It’s an odd thing, and astonishing to me that it’s taken me nearly thirty-seven years to consider it.
Since my childhood, I have been at war with my body. I have been fat. I have been thin. When I was thin, I was just working too hard in a job I didn’t like, I was quite stressed, and I was full to the brim with Red Bull.
My favourite quote from Liberace is and always has been: “My clothes come in three sizes: Thin, fat and impossible.”
Much as, at the moment, I am firmly in a fat phase – my body is not so much a temple as an airport hangar – it is, at least, cooperating.
Now, it happens on ‘Come Dine With Me’. A group of people who don’t know each other, sit around and quite often, make some sort of terrible faux pas. Something genuinely awful. I think most people know not to guess other people’s ages. But it is shocking when they talk about plastic surgery.
Someone, perhaps after a little to drink, will wonder (aloud, which is often an error) what everyone else would have if they could have any sort of surgery. What usually makes it truly stomach-churning is when they either a) have a list: devastating, or b) ask the others to guess: oh, lord, no.
Usually, someone around the table will give a full recitation of their entire body and everything that, time and cash permitting, they would have removed, shrunk, enlarged, or shuffled about a bit.
When the question comes, ‘If you could have any surgery, what would you have?’ the answer usually goes something like this:
“Well… Tummy tuck, breast enlargement or breast reduction – possibly one and then the other, face lift, bum lift – just yoink up the whole body and snip off the excess.

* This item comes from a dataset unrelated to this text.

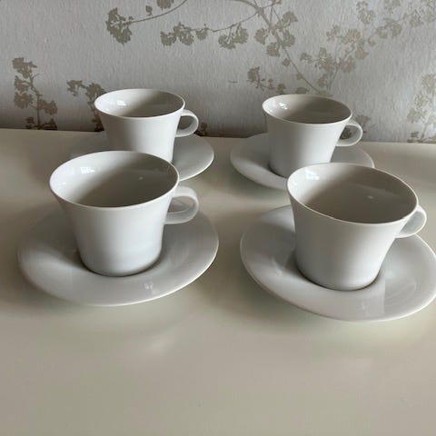 Elegant. Exceptionel enkel stilren lækker kvalitetsserie. Trompetform V-form Y-form termokrus form. Offwhite, Creme, Elfenben

“Then, oh, whatever the surgery is called where they can remove upper arm fat and tighten the skin without your having to prick it like sausages if you’re going out on a warm day.
“What next? Probably an eye lift, smidge of the old rhinoplasty, tighten up the jawline… In all honesty, if they could just swap out the face with silly putty until I’ve got it into an order I’m okay with, and then ram it full of botox and filler before it melts, that would be great.”

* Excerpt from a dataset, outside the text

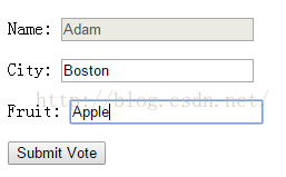 <form method="post" action="http://titan:8080/form"> <p><label for="name">Name: <input value="Adam" disabled id="name" name="name"/></label></p> <p><label for="city">City: <input value="Boston" readonly id="city" name="city"/></label></p> <p><label for="fave">Fruit: <input value="Apple" id="fave" name="fave"/></label></p> <button type="submit">Submit Vote</button> </form>

No one ever says, “I’d probably get my varicose veins done.”
I had a chat with a chap in his, perhaps sixties, the other day. I’ll point out, this was in the foyer at Sainsbury’s. He was on his way in, I was about to leave. I don’t know his name. He doesn’t know mine. But we’re polite. He asked how I was. I said I was fine, thanked him, and asked how he was. Because I’m a person, and that’s what we do.
Years back, he broke his shoulder. Since then, he’s had three knee replacements. Three. One of them wore out. But just recently, his hip has started crunching. Audibly. Now, this is not when he walks, or jogs, or tries to get out of a chair after a nap. This is when he’s lying down. Flat on his back in bed, straightening the bedclothes, and thinking over his day, he can hear his hip crunching.
“Anyway, love,” he said cheerfully, “how are you keeping?”
I imagine I did an excellent impression of a goldfish while I tried to think of a less complacent way of saying – “I’m really well, as it happens.”
Fat be buggered, I’m feeling pretty well.
So, there you have it. Day 73 of #365HappyDays – A Body That Cooperates.